* [WHAT THIS TASK INVOLVES]: Exactly as written, retype the lines that run from the line holding "Au festival de" through the end of the records below. Do not include pictures.

Records contained in a dataset:
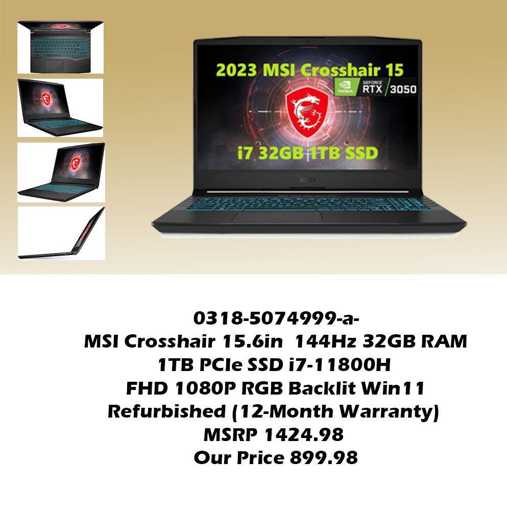 0318-5074999-a-MSI Crosshair 15 Model-15 A11UCK-264 UPC-724129383133 ASIN-B0FMDMY6G1
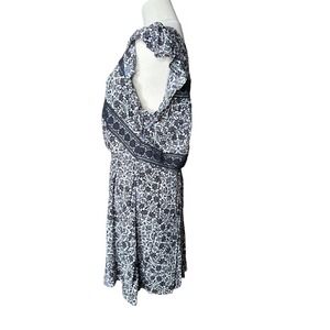 American Eagle Blue White Floral Dress Beach Cover w/Lace Tassel Waist Tie Sz M
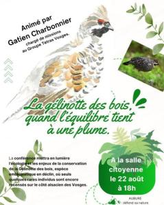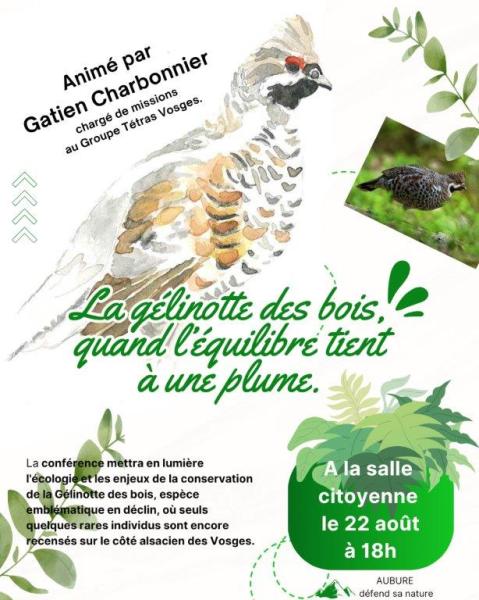 Rendez-vous le vendredi 22 août à 18h à la salle citoyenne d'Aubure pour une conférence sur la Gélinotte des bois. Cette conférence, d’1 heure, est ouverte à tous !
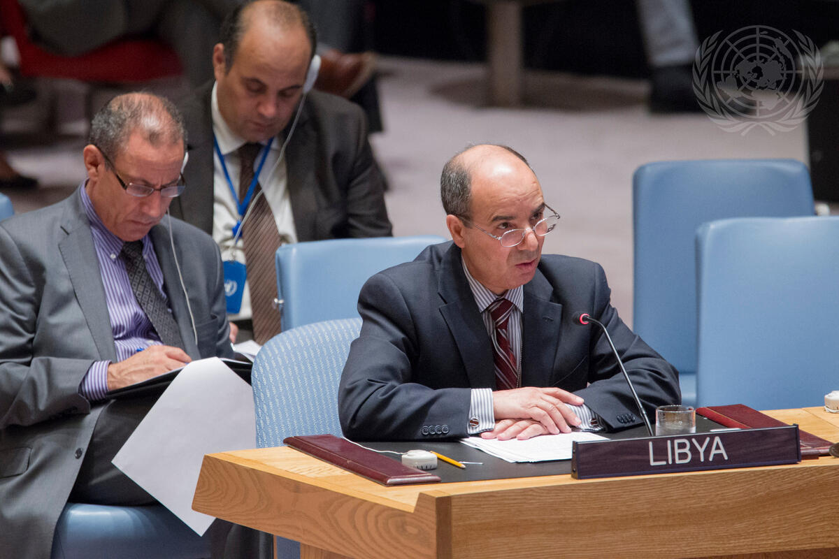 Ibrahim Dabbashi, Permanent Representative of Libya to the UN, addresses the Security Council meeting on the situation in his country.
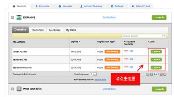 3、展开域名列表后,找到需要修改 DNS 的域名,点击对应的【Launch】按钮。
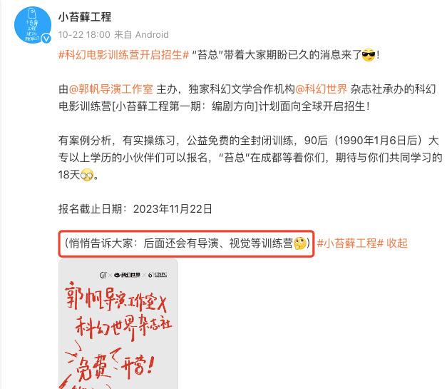 第二则是由刘慈欣担任总顾问,郭帆为号召人,王红卫主理,发起科幻电影训练营“小苔藓工程”,和一群热爱科幻电影的人,一起开启属于科幻电影的冒险。
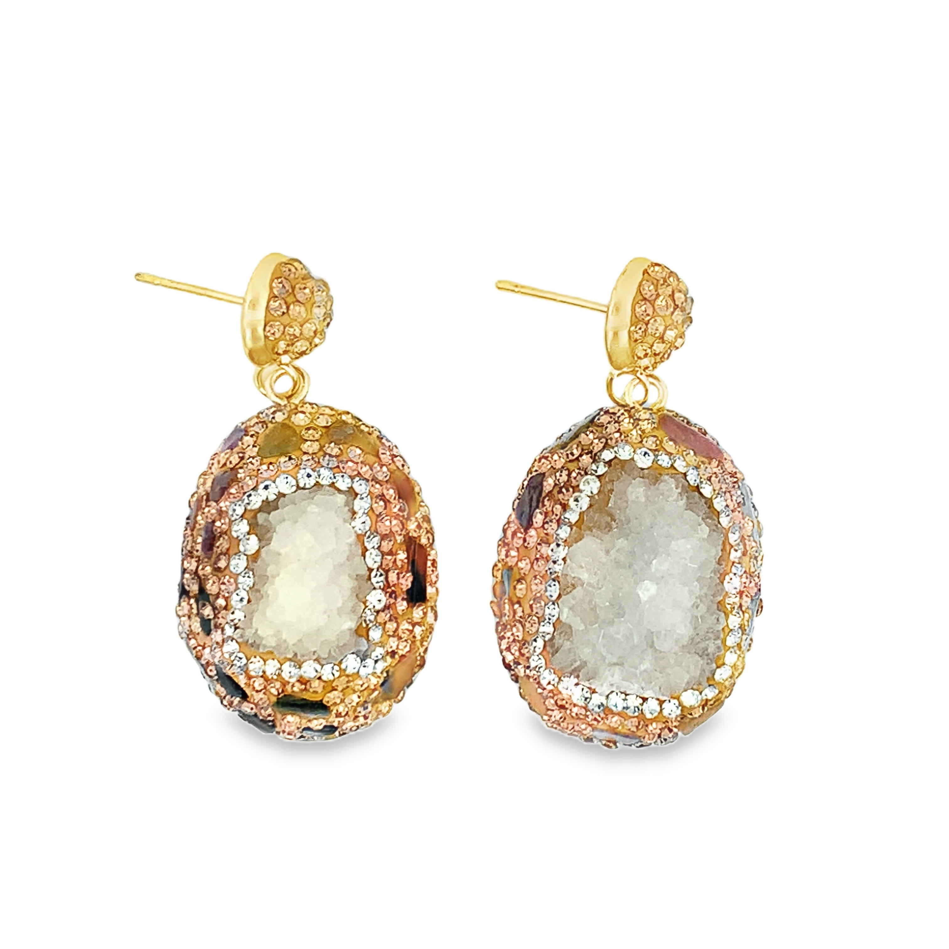 Yellow Gold Dangle Earrings with Oval Cabochon Quartz
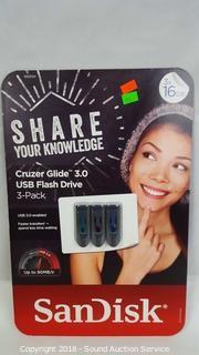Lot #0208: NIP 3pk 16GB Cruiser Glide 3.0 USB Flash Drives
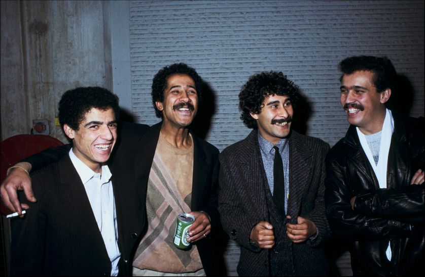 Au festival de raï de Bobigny en janvier 1986, de gauche à droite : Cheb Mami, Cheb Khaled, Cheb Hamid et Cheb Sahraoui• Crédits : Mohamed Lounes/Gamma-Rapho - GettyProgrammation musicale et archives
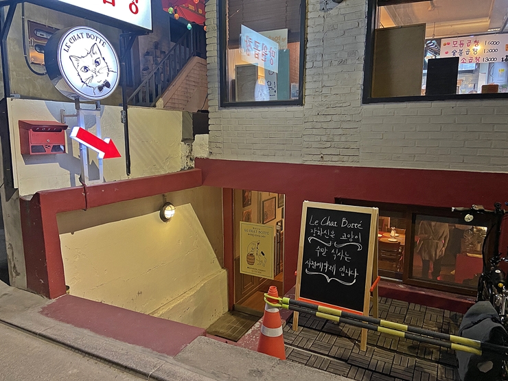 망원역 망리단길에 위치한 프랑스 가정식 요리를 판매하는 장화 신은 고양이. 망원역 2번 출구에서 어렵지 않게 찾아갈 수 있다. ~~리단길은 지금은 국군재정관리단으로 통합된 구 육군중앙경리단이 있던 길에서 유래 되었는데 이젠 의미 없는 곳에도 ~~리단길을 붙이고 있다. 흔한 마케팅의 일환이라는 생각이 들지만 굳이 이렇게 의미 없게 이름을 따라 해야 하나 싶다.

* [REPLY]:
 Au festival de raï de Bobigny en janvier 1986, de gauche à droite : Cheb Mami, Cheb Khaled, Cheb Hamid et Cheb Sahraoui• Crédits : Mohamed Lounes/Gamma-Rapho - GettyProgrammation musicale et archives
 망원역 망리단길에 위치한 프랑스 가정식 요리를 판매하는 장화 신은 고양이. 망원역 2번 출구에서 어렵지 않게 찾아갈 수 있다. ~~리단길은 지금은 국군재정관리단으로 통합된 구 육군중앙경리단이 있던 길에서 유래 되었는데 이젠 의미 없는 곳에도 ~~리단길을 붙이고 있다. 흔한 마케팅의 일환이라는 생각이 들지만 굳이 이렇게 의미 없게 이름을 따라 해야 하나 싶다.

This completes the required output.